Could the data below be copied exactly, minus the pictures?

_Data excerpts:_
======
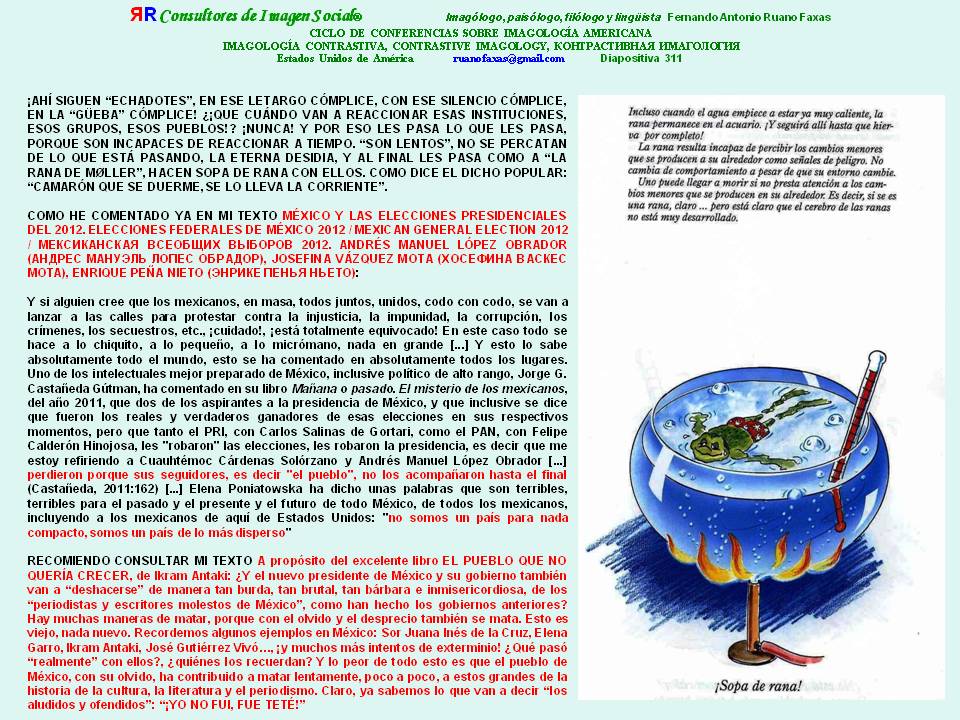 […] Esta barbaridad, esta barbarie, de #TLATLAYA, en el Estado de México […] es en el panorama sangriento de México un “¡Qué tanto es tantito!” […] MÉXICO: MASACRES EN ACTEAL, CHERÁN, COPALA, COCHOAPA EL GRANDE, METLATÓNOC, ACATEPEC, TEHUIPANGO, SANTA MARÍA CHILCHOTLA… ¡TODO MÉXICO HA SIDO Y ES UN HOLOCAUSTO, UN GENOCIDIO! ¡HASTA CUÁNDO! […] Como dijera ya Eulalio Gutiérrez, que fue presidente de México entre 1914 y 1915, y que repitiera el excelente escritor Andrés Henestrosa: “EL PAISAJE MEXICANO HUELE A SANGRE” […] ¿Y quiénes hablan sinceramente acerca de lo que ha pasado y sigue pasando en México? ¿Los periodistas? ¿Los medios? ¿Cuáles? ¿Dónde? Y si lo hacen, éstos son muy pocos. Son los valientes, los arriesgados. ¿Por qué? Olviden ya esto de “chayoteros” y “embuteros”, eso ya no tiene caso analizarlo aquí, es “caso perdido”, son abrumadora mayoría. El asunto radica en lo que en México les hacen a los periodistas, a los comunicadores y los medios que se atreven a “hablar”. ¿No recuerdan ustedes las palabras de Elena Poniatowska? “En México decir la verdad es jugarse la vida”, “Estamos bocabajeados, muy divididos. México está sin fe”, “No somos un país para nada compacto, somos un país de lo más disperso” […] Los discursos, las comunicaciones, en México, se producen como si los usuarios de la lengua que está establecida en el país como idioma oficial, es decir el idioma español, estuvieran dentro de la novela llamada Epepe o Metropole, del autor Ferenc Karinthy, es decir “nadie nunca entendió a nadie” […] En México, salvo casos contados, se cantinflea acerca de absolutamente todo, y sobre todo y en especial en el ámbito de la política, los verdaderos problemas de México y los mexicanos y los derechos humanos […] ¿Qué hasta dónde ha llegado México en cuanto a Derechos Humanos? Nunca en la vida había oído que a un ombudsman lo quisieran llevar a juicio, que quisieran enjuiciarlo, llevarlo a los tribunales. ¿¡Pero qué cosa es ésa!? Pues esto es lo quieren hacer muchos grupos y personalidades influyentes de México con Raúl Plascencia Villanueva, que es hoy el Presidente de la Comisión Nacional de los Derechos Humanos de México. ¿Se imaginan ustedes los alcances de esto? Y DESPUÉS ME PREGUNTAN QUE POR QUÉ LLAMO A MÉXICO “EL GRAN TRONO UNIVERSAL E INDISCUTIBLE DEL REALISMO MÁGICO LATINO” […] En México puede pasar todo, hasta tener su Papa particular: México es, a saber, el único país de América que ha tenido, al mismo tiempo, dos “patriarcas”, dos “papas”, dos “cabezas de la Iglesia católica” –en este caso, una en Roma y otra en México. En 1926, mientras regía como papa en el Vaticano Pío XI –italiano de nacimiento, cuyo nombre era Archille Ratti, que fue papa entre 1922 y 1939–, el general y presidente mexicano Plutarco Elías Calles nombró “Patriarca” al cura oaxaqueño José Joaquín Pérez Budar, luego de un conflicto que se produjo en el seno de la Iglesia católica mexicana a partir de febrero de 1925: “En octubre de 1926, el Patriarca Pérez fue consagrado Primado de los Viejos Cristianos para América del Norte” […] Cantinflear, cantinfleo, cantinflada, es algo que he definido como el ESTADO DEL PAPALOTEO MENTAL, PAPALOTEAR MENTALMENTE […] En el lenguaje verbal y en el lenguaje corporal de los mexicanos, en general y en cualquier contexto, tal pareciera que por encima de la precisión siempre imperará la imprecisión: nunca un “el”, nunca un “la”, nunca un “los”, nunca un “ese”, nunca un “esa”, nunca un “esos”, y siempre un “un”, un “una”, un “unos” […] es algo así como un “sí, pero no” y un “no, pero sí”… Como decía Antaki: siempre lo general y confuso: “flor y fruta”, nunca lo particular y claro: “jacaranda y ciruela”. ¿Y por qué siempre “lo general”? Muy sencillo, porque a los mexicanos no les enseñan “lo particular”. Les enseñan a dar rodeos para todo, y lo directo se ve como feo, como grosero, como no mexicano, aunque todos sabemos lo que hay verdaderamente detrás de todo esto: “las máscaras mexicanas que tanto daño le han hecho a México y a los mexicanos, y también, de paso, a los países extranjeros y a los extranjeros”: mentir y mentir y mentir […] Hay unas palabras de Vasconcelos (casi un apóstol o un apóstol para muchos mexicanos) que para mí siempre serán terribles, nunca he visto ni oído tales palabras, ni semejantes, en un líder para referirse a su pueblo: “Este pueblo mexicano no merece que yo sacrifique una sola hora de mi sueño. ¡Es un pueblo de traidores y de cobardes que no me merece! Demasiado he hecho por redimirlo. No volveré a ocuparme de él” […] cuando me preguntan que cómo defino imagológicamente a México, un país “tan rico y tan pobre”, lo que digo es que ya lo que creo es que “México es como el ole, que no tiene explicación…” […] Creo que quien mejor ha definido la vida de los mexicanos dentro de México ha sido Carlos Fuentes: “Eres quien eres porque supiste chingar y no te dejaste chingar; eres quien eres porque no supiste chingar y te dejaste chingar” […]
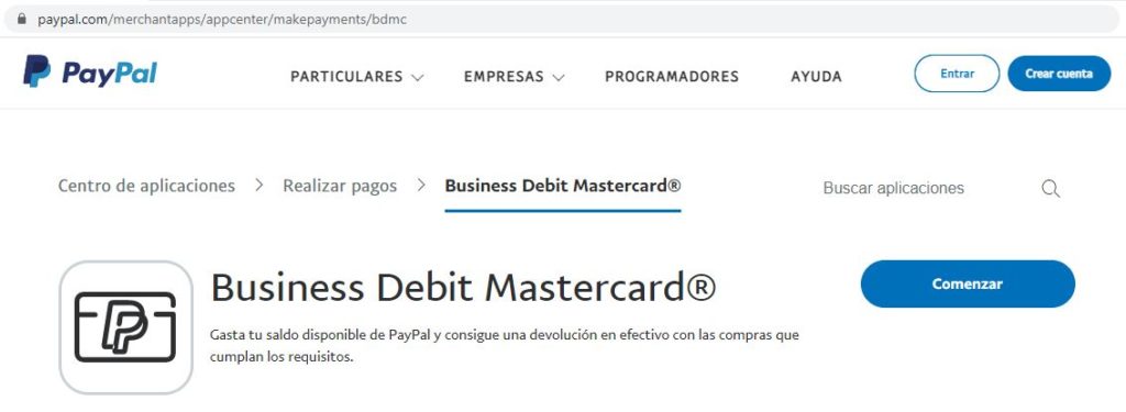 Entre las tarjetas Mastercard que ofrece PayPal están la tarjeta prepago de PayPal o “PayPal Prepaid”, la tarjeta de débito personal de PayPal o “PayPal Cash”, y la tarjeta PayPal de débito Business Mastercard o “Business Debit Mastercard”.
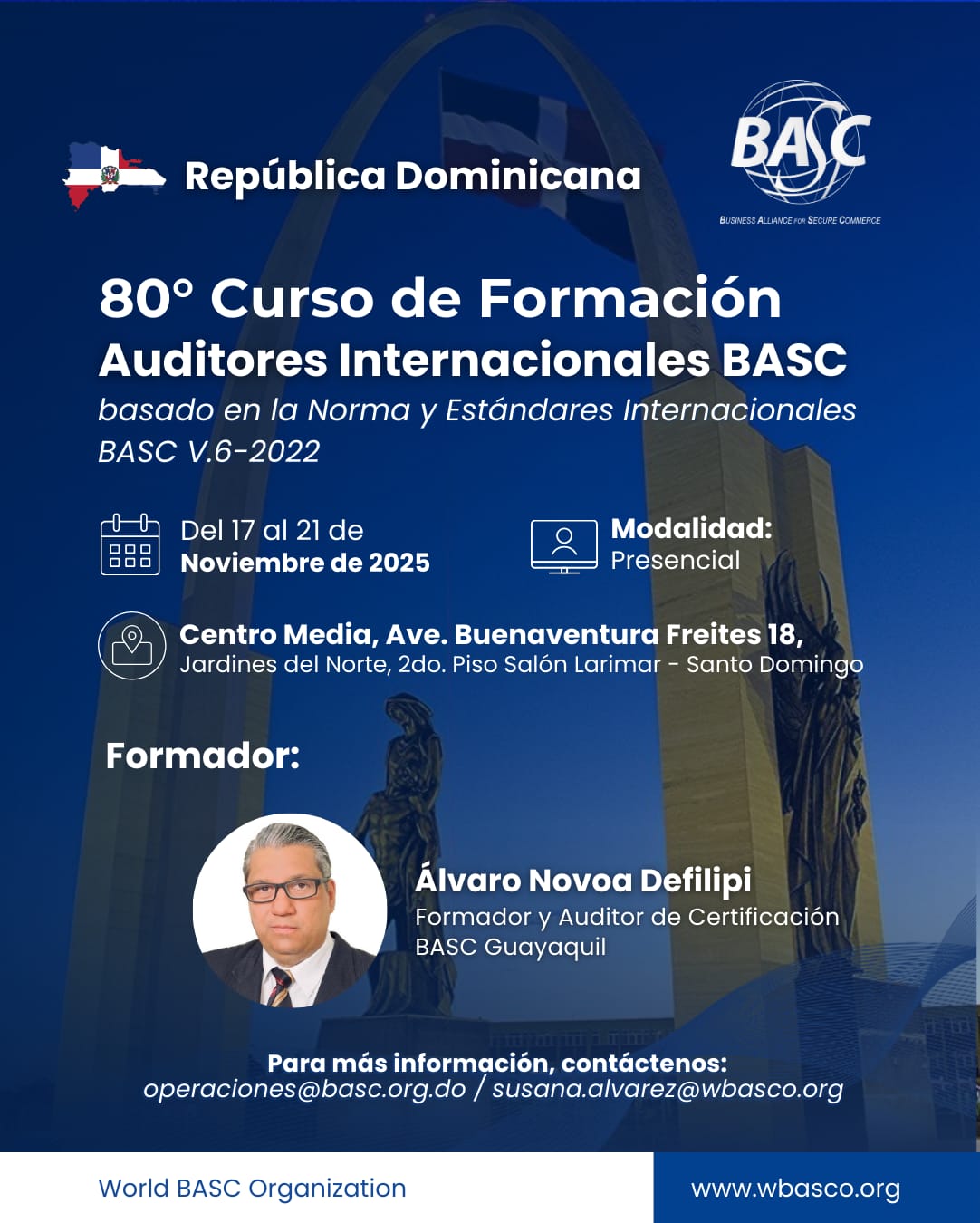 Santo Domingo, RD Santo DomingoIntroducción World BASC Organization (WBO), aplicando los más altos estándares en seguridad en el comercio nacional e internacional y como resultado de las alianzas y compromisos generados con los gobiernos, aduanas, autoridades de control y organismos internacionales, ha puesto en vigencia su Norma y Estándares Internacionales BASC Versión 6-2022. En miras a cumplir su objetivo […]
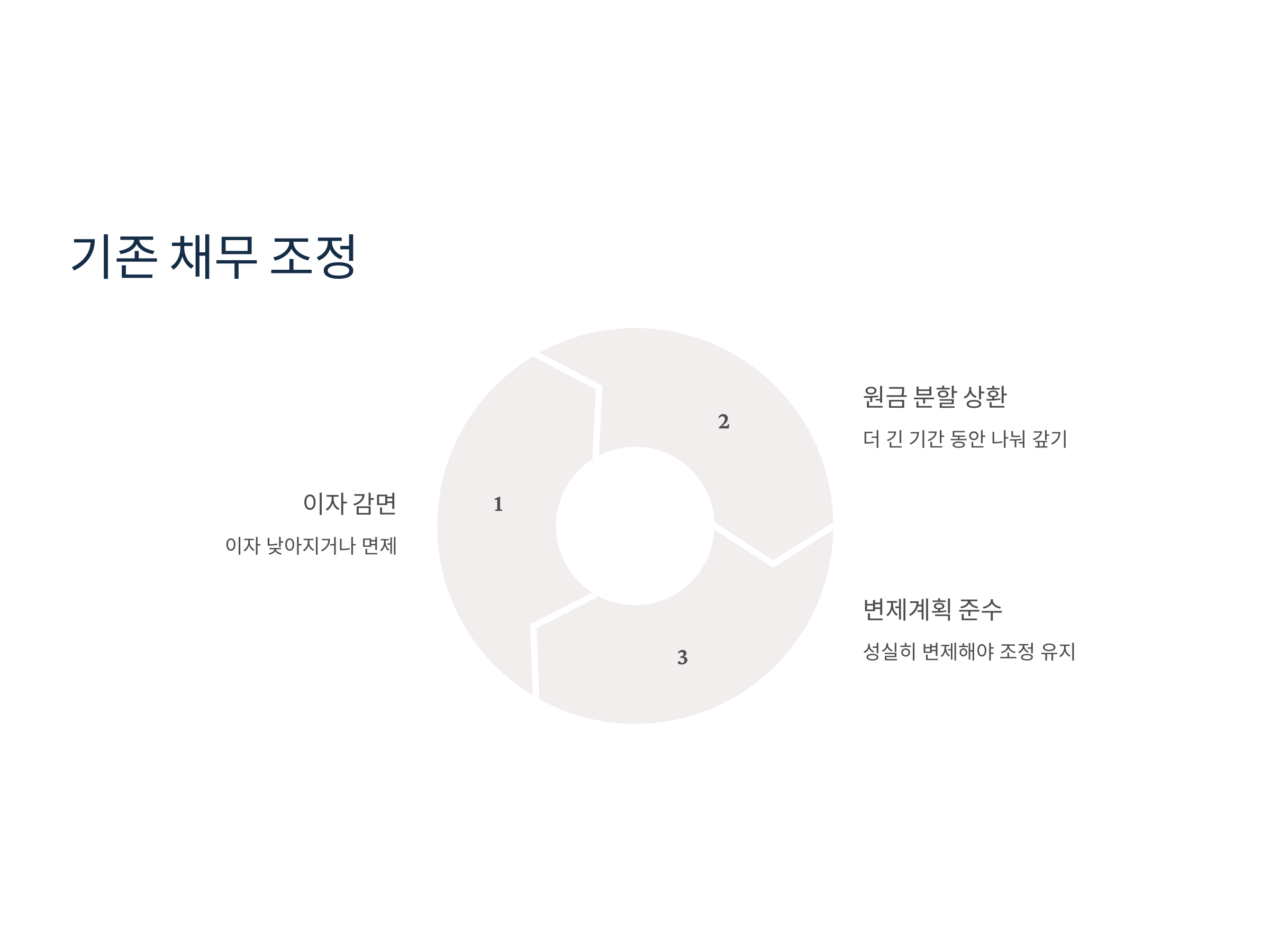 - 이자 감면 및 원금 분할 상환: 원금은 대부분 유지되지만, 이자가 낮아지거나 면제될 수 있습니다.
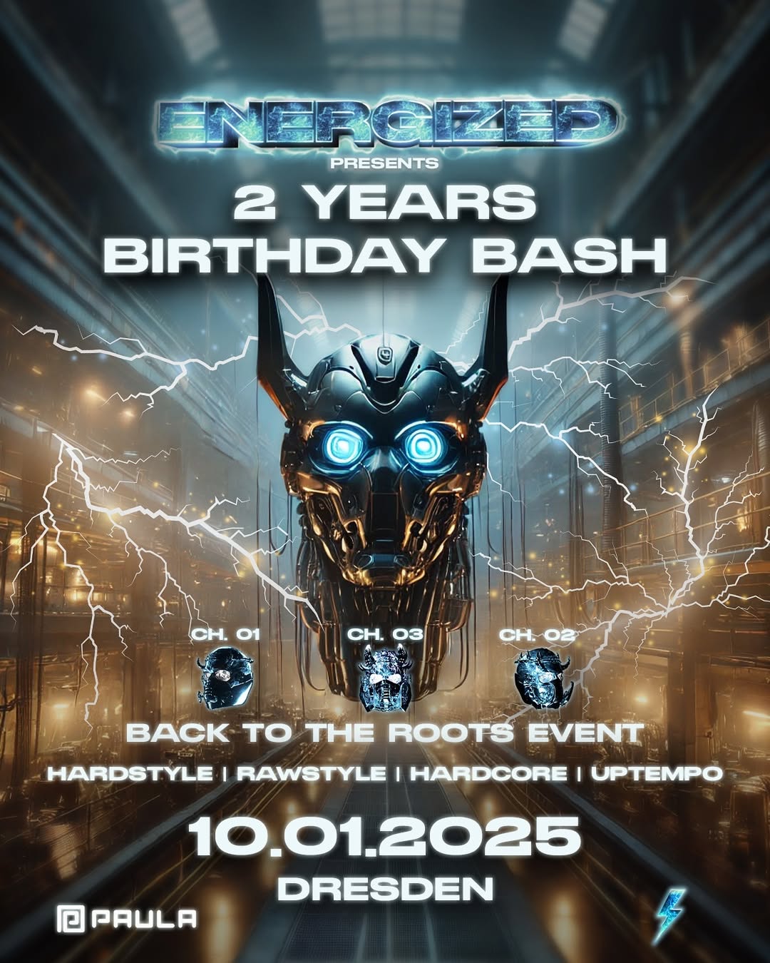 ⚡2 YEARS ENERGIZED BIRTHDAY BASH⚡🎁 WANN: 10.01.2025 WO: CLUB PAULA, DRESDEN Hard Techno, Hardstyle, Rawstyle, Hardcore, Uptempo
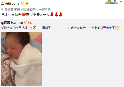 女儿的降临又适逢陈嘉上的60岁大寿,可谓是双喜临门啊!小他30岁的娇妻夏沫侨也在微博上甜喊“爸比”并送上生日祝福给老公,从夏沫侨的称呼可以看出,平日也肯定深得陈嘉上的宠爱了。
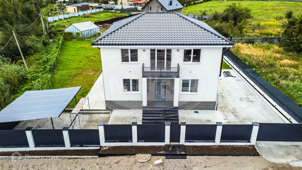 По периметру участка установлен забор, откатные ворота, калитка. Парковочные места на три машины.
======
_EXERCISE OUTPUT:_
 […] Esta barbaridad, esta barbarie, de #TLATLAYA, en el Estado de México […] es en el panorama sangriento de México un “¡Qué tanto es tantito!” […] MÉXICO: MASACRES EN ACTEAL, CHERÁN, COPALA, COCHOAPA EL GRANDE, METLATÓNOC, ACATEPEC, TEHUIPANGO, SANTA MARÍA CHILCHOTLA… ¡TODO MÉXICO HA SIDO Y ES UN HOLOCAUSTO, UN GENOCIDIO! ¡HASTA CUÁNDO! […] Como dijera ya Eulalio Gutiérrez, que fue presidente de México entre 1914 y 1915, y que repitiera el excelente escritor Andrés Henestrosa: “EL PAISAJE MEXICANO HUELE A SANGRE” […] ¿Y quiénes hablan sinceramente acerca de lo que ha pasado y sigue pasando en México? ¿Los periodistas? ¿Los medios? ¿Cuáles? ¿Dónde? Y si lo hacen, éstos son muy pocos. Son los valientes, los arriesgados. ¿Por qué? Olviden ya esto de “chayoteros” y “embuteros”, eso ya no tiene caso analizarlo aquí, es “caso perdido”, son abrumadora mayoría. El asunto radica en lo que en México les hacen a los periodistas, a los comunicadores y los medios que se atreven a “hablar”. ¿No recuerdan ustedes las palabras de Elena Poniatowska? “En México decir la verdad es jugarse la vida”, “Estamos bocabajeados, muy divididos. México está sin fe”, “No somos un país para nada compacto, somos un país de lo más disperso” […] Los discursos, las comunicaciones, en México, se producen como si los usuarios de la lengua que está establecida en el país como idioma oficial, es decir el idioma español, estuvieran dentro de la novela llamada Epepe o Metropole, del autor Ferenc Karinthy, es decir “nadie nunca entendió a nadie” […] En México, salvo casos contados, se cantinflea acerca de absolutamente todo, y sobre todo y en especial en el ámbito de la política, los verdaderos problemas de México y los mexicanos y los derechos humanos […] ¿Qué hasta dónde ha llegado México en cuanto a Derechos Humanos? Nunca en la vida había oído que a un ombudsman lo quisieran llevar a juicio, que quisieran enjuiciarlo, llevarlo a los tribunales. ¿¡Pero qué cosa es ésa!? Pues esto es lo quieren hacer muchos grupos y personalidades influyentes de México con Raúl Plascencia Villanueva, que es hoy el Presidente de la Comisión Nacional de los Derechos Humanos de México. ¿Se imaginan ustedes los alcances de esto? Y DESPUÉS ME PREGUNTAN QUE POR QUÉ LLAMO A MÉXICO “EL GRAN TRONO UNIVERSAL E INDISCUTIBLE DEL REALISMO MÁGICO LATINO” […] En México puede pasar todo, hasta tener su Papa particular: México es, a saber, el único país de América que ha tenido, al mismo tiempo, dos “patriarcas”, dos “papas”, dos “cabezas de la Iglesia católica” –en este caso, una en Roma y otra en México. En 1926, mientras regía como papa en el Vaticano Pío XI –italiano de nacimiento, cuyo nombre era Archille Ratti, que fue papa entre 1922 y 1939–, el general y presidente mexicano Plutarco Elías Calles nombró “Patriarca” al cura oaxaqueño José Joaquín Pérez Budar, luego de un conflicto que se produjo en el seno de la Iglesia católica mexicana a partir de febrero de 1925: “En octubre de 1926, el Patriarca Pérez fue consagrado Primado de los Viejos Cristianos para América del Norte” […] Cantinflear, cantinfleo, cantinflada, es algo que he definido como el ESTADO DEL PAPALOTEO MENTAL, PAPALOTEAR MENTALMENTE […] En el lenguaje verbal y en el lenguaje corporal de los mexicanos, en general y en cualquier contexto, tal pareciera que por encima de la precisión siempre imperará la imprecisión: nunca un “el”, nunca un “la”, nunca un “los”, nunca un “ese”, nunca un “esa”, nunca un “esos”, y siempre un “un”, un “una”, un “unos” […] es algo así como un “sí, pero no” y un “no, pero sí”… Como decía Antaki: siempre lo general y confuso: “flor y fruta”, nunca lo particular y claro: “jacaranda y ciruela”. ¿Y por qué siempre “lo general”? Muy sencillo, porque a los mexicanos no les enseñan “lo particular”. Les enseñan a dar rodeos para todo, y lo directo se ve como feo, como grosero, como no mexicano, aunque todos sabemos lo que hay verdaderamente detrás de todo esto: “las máscaras mexicanas que tanto daño le han hecho a México y a los mexicanos, y también, de paso, a los países extranjeros y a los extranjeros”: mentir y mentir y mentir […] Hay unas palabras de Vasconcelos (casi un apóstol o un apóstol para muchos mexicanos) que para mí siempre serán terribles, nunca he visto ni oído tales palabras, ni semejantes, en un líder para referirse a su pueblo: “Este pueblo mexicano no merece que yo sacrifique una sola hora de mi sueño. ¡Es un pueblo de traidores y de cobardes que no me merece! Demasiado he hecho por redimirlo. No volveré a ocuparme de él” […] cuando me preguntan que cómo defino imagológicamente a México, un país “tan rico y tan pobre”, lo que digo es que ya lo que creo es que “México es como el ole, que no tiene explicación…” […] Creo que quien mejor ha definido la vida de los mexicanos dentro de México ha sido Carlos Fuentes: “Eres quien eres porque supiste chingar y no te dejaste chingar; eres quien eres porque no supiste chingar y te dejaste chingar” […]
 Entre las tarjetas Mastercard que ofrece PayPal están la tarjeta prepago de PayPal o “PayPal Prepaid”, la tarjeta de débito personal de PayPal o “PayPal Cash”, y la tarjeta PayPal de débito Business Mastercard o “Business Debit Mastercard”.
 Santo Domingo, RD Santo DomingoIntroducción World BASC Organization (WBO), aplicando los más altos estándares en seguridad en el comercio nacional e internacional y como resultado de las alianzas y compromisos generados con los gobiernos, aduanas, autoridades de control y organismos internacionales, ha puesto en vigencia su Norma y Estándares Internacionales BASC Versión 6-2022. En miras a cumplir su objetivo […]
 - 이자 감면 및 원금 분할 상환: 원금은 대부분 유지되지만, 이자가 낮아지거나 면제될 수 있습니다.
 ⚡2 YEARS ENERGIZED BIRTHDAY BASH⚡🎁 WANN: 10.01.2025 WO: CLUB PAULA, DRESDEN Hard Techno, Hardstyle, Rawstyle, Hardcore, Uptempo
 女儿的降临又适逢陈嘉上的60岁大寿,可谓是双喜临门啊!小他30岁的娇妻夏沫侨也在微博上甜喊“爸比”并送上生日祝福给老公,从夏沫侨的称呼可以看出,平日也肯定深得陈嘉上的宠爱了。
 По периметру участка установлен забор, откатные ворота, калитка. Парковочные места на три машины.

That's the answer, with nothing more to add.